Segment Open
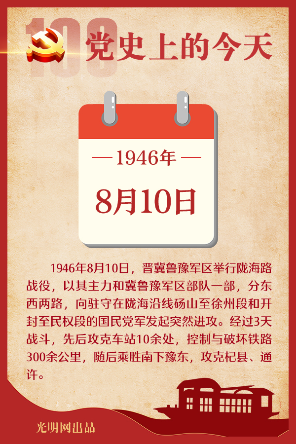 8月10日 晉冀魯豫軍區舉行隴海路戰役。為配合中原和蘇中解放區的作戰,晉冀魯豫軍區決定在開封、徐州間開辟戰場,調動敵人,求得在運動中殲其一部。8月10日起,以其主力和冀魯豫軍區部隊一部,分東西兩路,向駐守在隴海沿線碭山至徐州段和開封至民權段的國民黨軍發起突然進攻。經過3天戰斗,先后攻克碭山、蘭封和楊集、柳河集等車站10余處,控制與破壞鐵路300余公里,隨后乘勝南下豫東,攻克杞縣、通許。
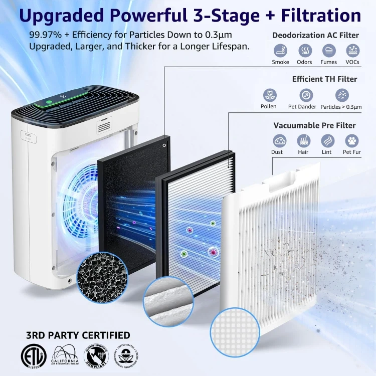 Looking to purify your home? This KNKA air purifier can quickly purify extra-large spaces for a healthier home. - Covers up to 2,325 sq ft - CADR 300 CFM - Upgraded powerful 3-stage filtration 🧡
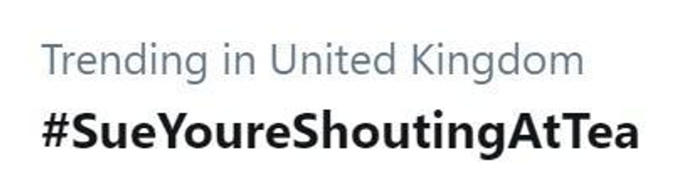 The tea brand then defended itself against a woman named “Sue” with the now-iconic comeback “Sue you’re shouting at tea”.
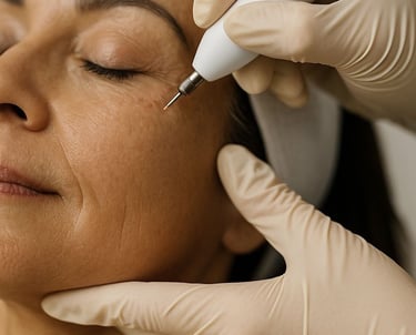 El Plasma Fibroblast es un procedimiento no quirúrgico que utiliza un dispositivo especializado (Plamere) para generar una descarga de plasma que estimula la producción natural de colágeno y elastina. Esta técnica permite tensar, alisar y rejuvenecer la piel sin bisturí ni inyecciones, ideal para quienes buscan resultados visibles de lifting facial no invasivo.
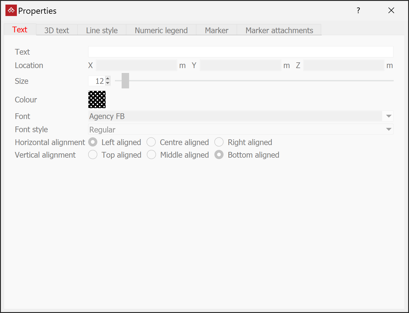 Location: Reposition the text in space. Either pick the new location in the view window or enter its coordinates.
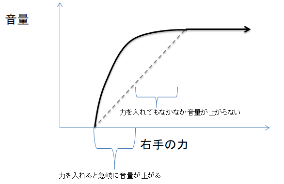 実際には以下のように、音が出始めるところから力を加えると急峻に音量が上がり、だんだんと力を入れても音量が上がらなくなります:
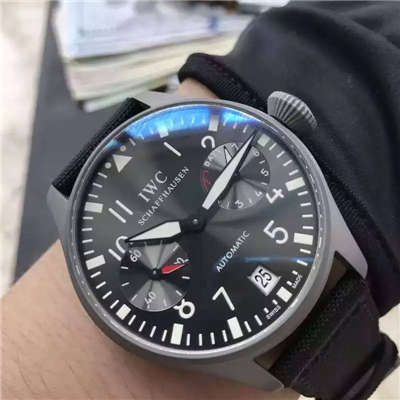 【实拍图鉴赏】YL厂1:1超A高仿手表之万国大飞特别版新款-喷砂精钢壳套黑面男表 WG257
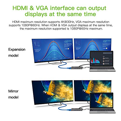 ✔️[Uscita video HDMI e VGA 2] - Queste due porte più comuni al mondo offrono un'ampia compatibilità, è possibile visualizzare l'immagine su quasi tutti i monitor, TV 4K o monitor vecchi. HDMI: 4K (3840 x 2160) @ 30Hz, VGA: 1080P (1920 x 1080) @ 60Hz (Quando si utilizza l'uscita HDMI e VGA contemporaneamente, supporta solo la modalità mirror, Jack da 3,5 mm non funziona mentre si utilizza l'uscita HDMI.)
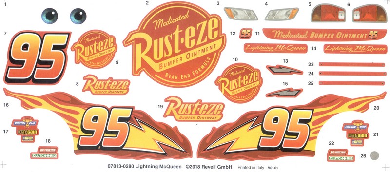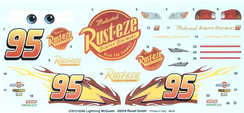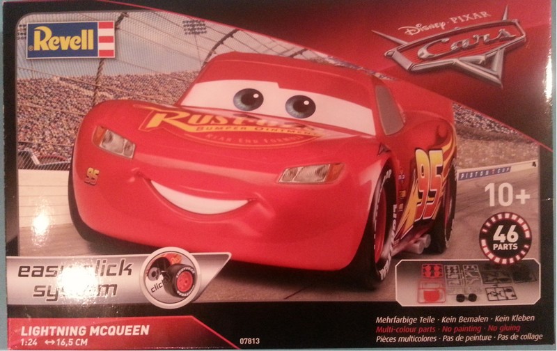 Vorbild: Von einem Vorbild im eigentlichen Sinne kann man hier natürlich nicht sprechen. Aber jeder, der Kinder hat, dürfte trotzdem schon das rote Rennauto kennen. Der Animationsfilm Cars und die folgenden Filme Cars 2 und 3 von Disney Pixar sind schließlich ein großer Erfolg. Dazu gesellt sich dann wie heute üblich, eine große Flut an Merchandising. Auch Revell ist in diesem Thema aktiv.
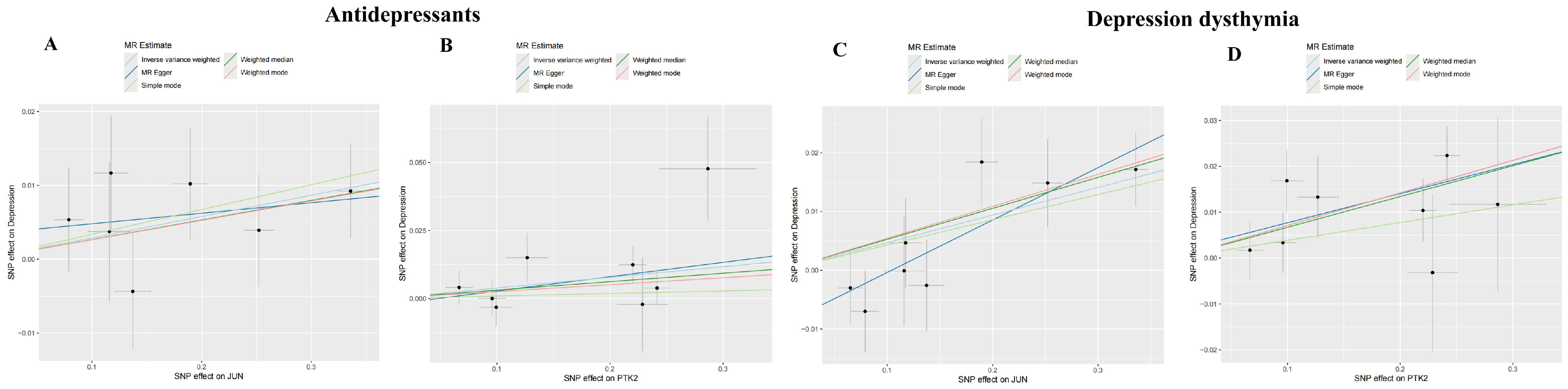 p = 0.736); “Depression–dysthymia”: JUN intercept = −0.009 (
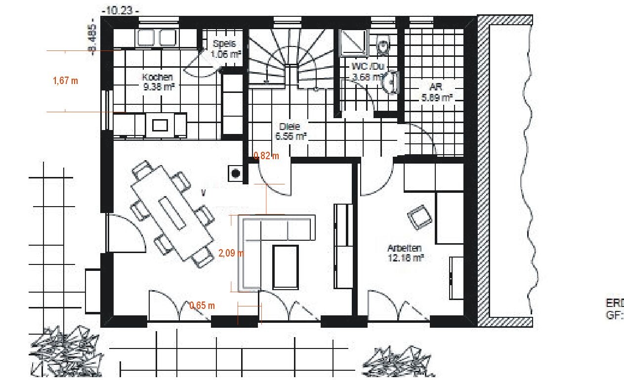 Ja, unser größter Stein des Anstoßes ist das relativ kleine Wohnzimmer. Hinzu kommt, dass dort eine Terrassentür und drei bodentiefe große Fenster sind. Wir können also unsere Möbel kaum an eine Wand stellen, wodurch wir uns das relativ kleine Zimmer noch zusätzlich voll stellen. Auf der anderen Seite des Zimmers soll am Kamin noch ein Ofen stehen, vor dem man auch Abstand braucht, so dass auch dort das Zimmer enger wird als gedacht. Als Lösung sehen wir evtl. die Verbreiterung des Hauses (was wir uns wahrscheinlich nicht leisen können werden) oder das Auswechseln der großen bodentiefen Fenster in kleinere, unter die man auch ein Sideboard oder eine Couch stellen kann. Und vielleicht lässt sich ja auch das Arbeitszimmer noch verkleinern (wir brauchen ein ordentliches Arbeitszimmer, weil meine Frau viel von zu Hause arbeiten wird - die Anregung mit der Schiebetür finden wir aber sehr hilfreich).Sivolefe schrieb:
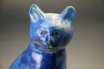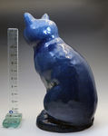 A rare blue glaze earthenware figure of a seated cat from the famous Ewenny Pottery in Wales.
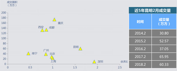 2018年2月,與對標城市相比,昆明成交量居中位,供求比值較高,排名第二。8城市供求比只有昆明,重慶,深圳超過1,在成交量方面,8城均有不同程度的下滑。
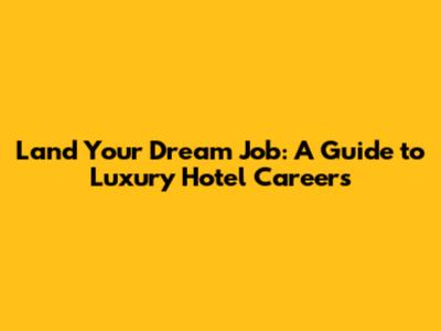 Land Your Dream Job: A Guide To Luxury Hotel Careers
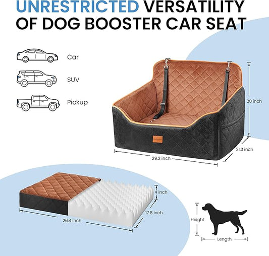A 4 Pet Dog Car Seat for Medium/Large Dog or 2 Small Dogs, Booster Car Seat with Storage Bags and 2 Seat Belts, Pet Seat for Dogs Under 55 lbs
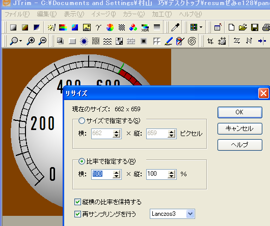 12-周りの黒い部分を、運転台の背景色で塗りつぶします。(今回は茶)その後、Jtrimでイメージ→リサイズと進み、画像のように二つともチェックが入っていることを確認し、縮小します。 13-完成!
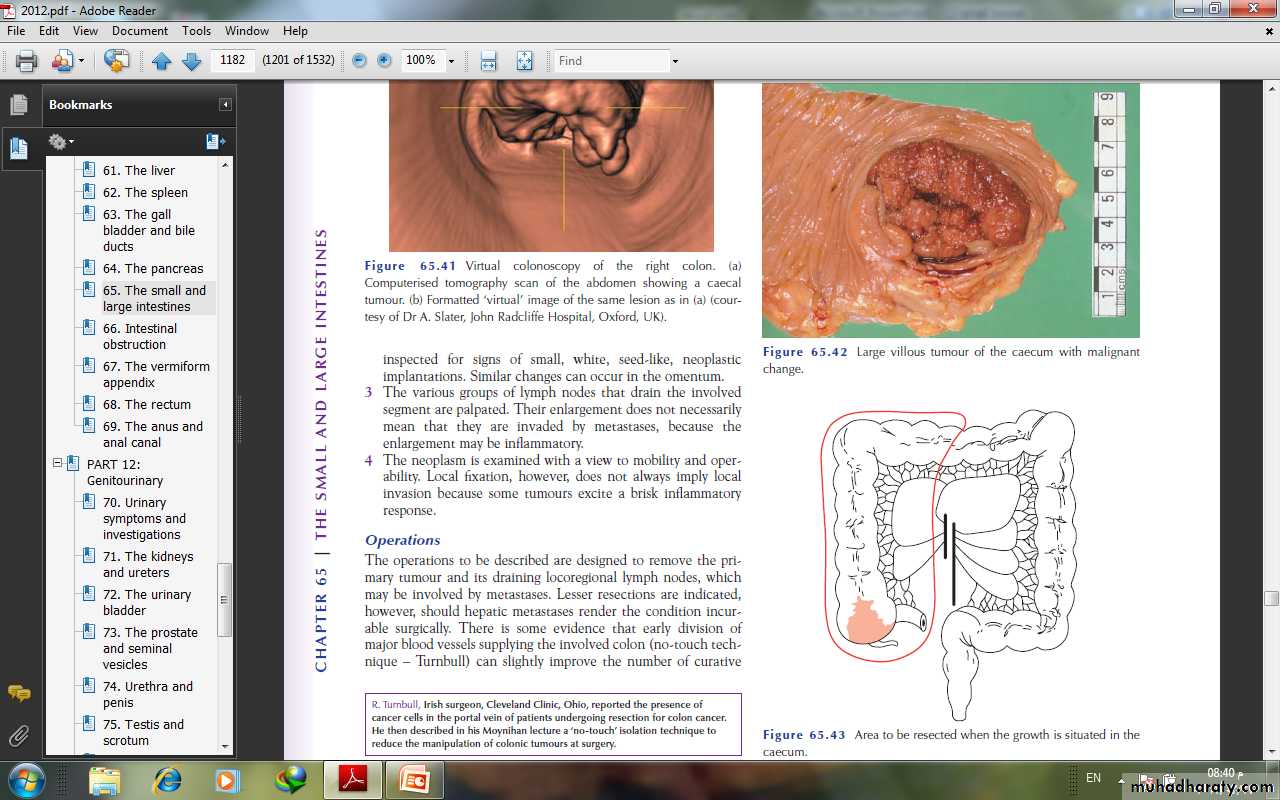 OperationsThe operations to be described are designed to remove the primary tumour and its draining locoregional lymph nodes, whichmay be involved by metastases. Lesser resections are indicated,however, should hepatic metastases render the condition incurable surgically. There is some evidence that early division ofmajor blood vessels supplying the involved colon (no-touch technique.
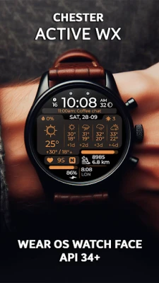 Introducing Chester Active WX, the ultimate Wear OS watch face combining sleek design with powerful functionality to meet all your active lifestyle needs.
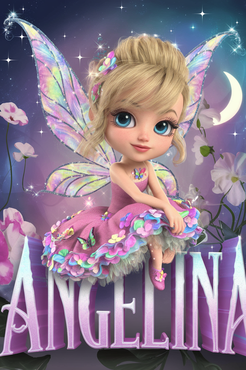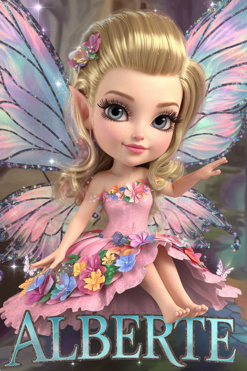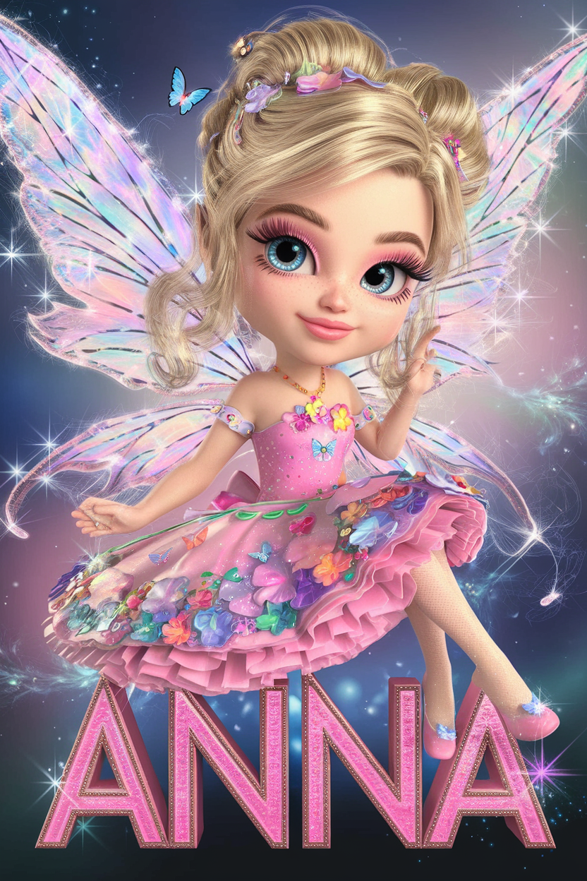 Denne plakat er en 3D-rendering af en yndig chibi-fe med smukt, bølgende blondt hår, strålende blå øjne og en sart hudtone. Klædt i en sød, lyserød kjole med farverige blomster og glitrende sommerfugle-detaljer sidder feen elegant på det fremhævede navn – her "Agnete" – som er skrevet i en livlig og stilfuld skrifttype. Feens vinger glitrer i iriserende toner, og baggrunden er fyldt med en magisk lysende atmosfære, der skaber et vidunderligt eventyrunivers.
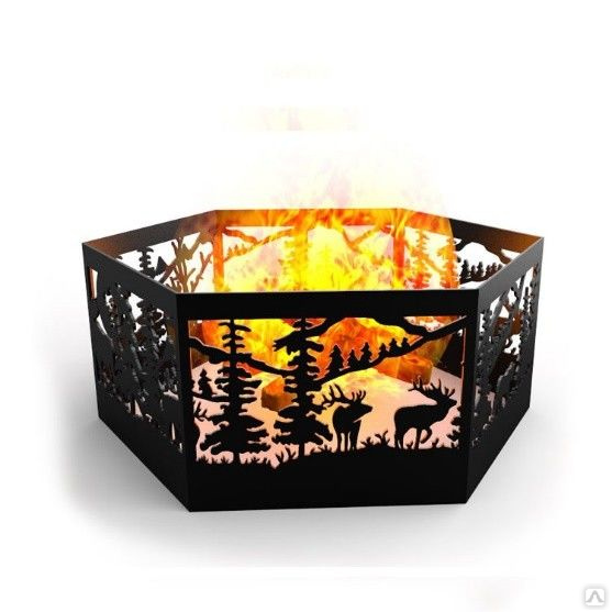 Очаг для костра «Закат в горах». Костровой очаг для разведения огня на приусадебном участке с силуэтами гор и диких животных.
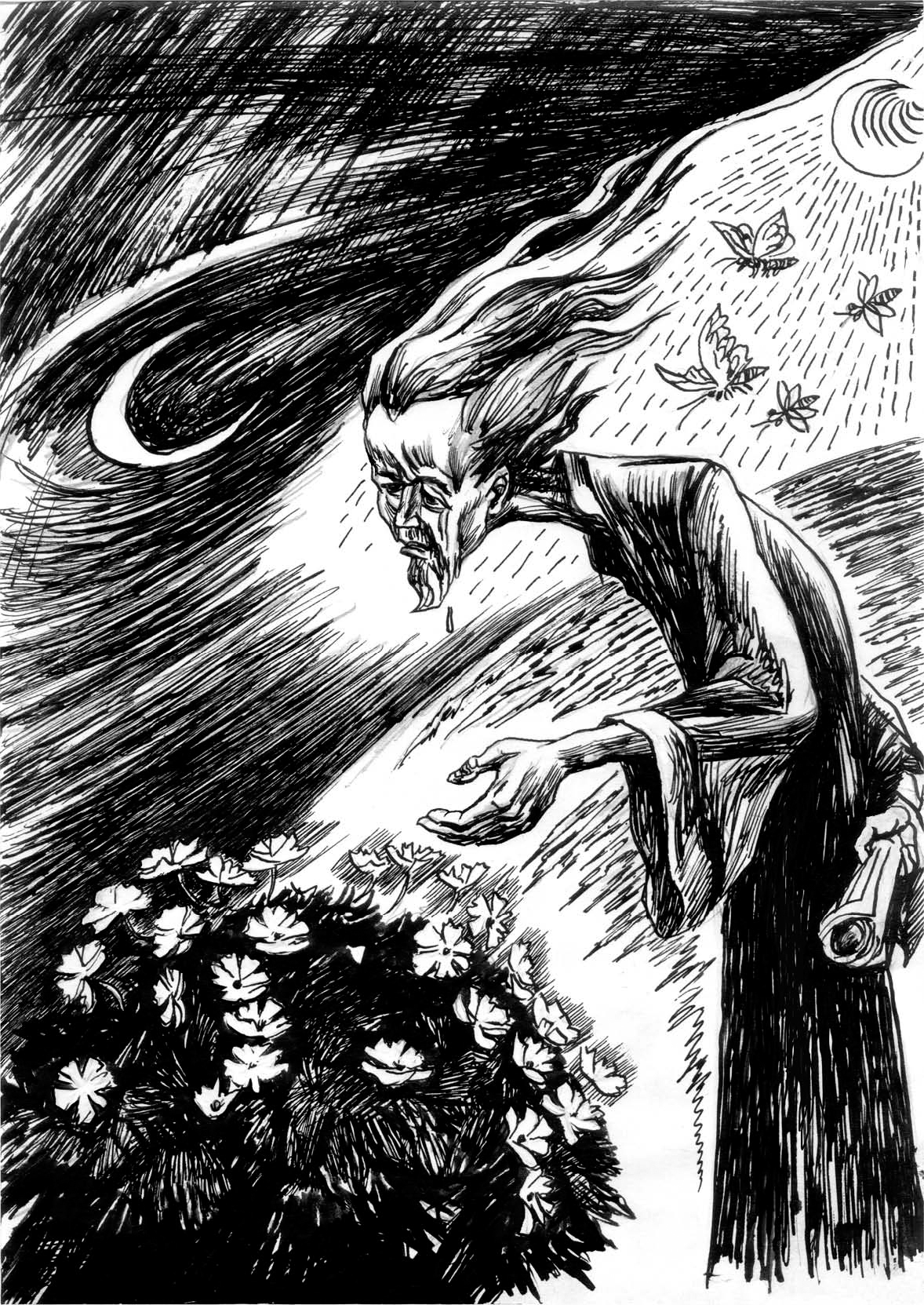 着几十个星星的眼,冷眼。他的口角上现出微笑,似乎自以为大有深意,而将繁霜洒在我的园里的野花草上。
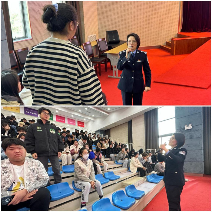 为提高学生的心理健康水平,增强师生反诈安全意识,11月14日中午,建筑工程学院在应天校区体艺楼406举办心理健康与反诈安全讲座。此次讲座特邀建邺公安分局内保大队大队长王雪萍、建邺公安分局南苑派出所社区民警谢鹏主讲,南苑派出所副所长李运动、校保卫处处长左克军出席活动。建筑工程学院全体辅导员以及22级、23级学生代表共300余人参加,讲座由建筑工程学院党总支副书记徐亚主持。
Segment Closed
- [Task description] Out of the records above, please copy exactly the lines from the line with "Land Your Dream" up to and including the line with "12-周りの黒い部分を、運転", minus the pictures.

- [Output of the task]
 Land Your Dream Job: A Guide To Luxury Hotel Careers
A 4 Pet Dog Car Seat for Medium/Large Dog or 2 Small Dogs, Booster Car Seat with Storage Bags and 2 Seat Belts, Pet Seat for Dogs Under 55 lbs
 12-周りの黒い部分を、運転台の背景色で塗りつぶします。(今回は茶)その後、Jtrimでイメージ→リサイズと進み、画像のように二つともチェックが入っていることを確認し、縮小します。 13-完成!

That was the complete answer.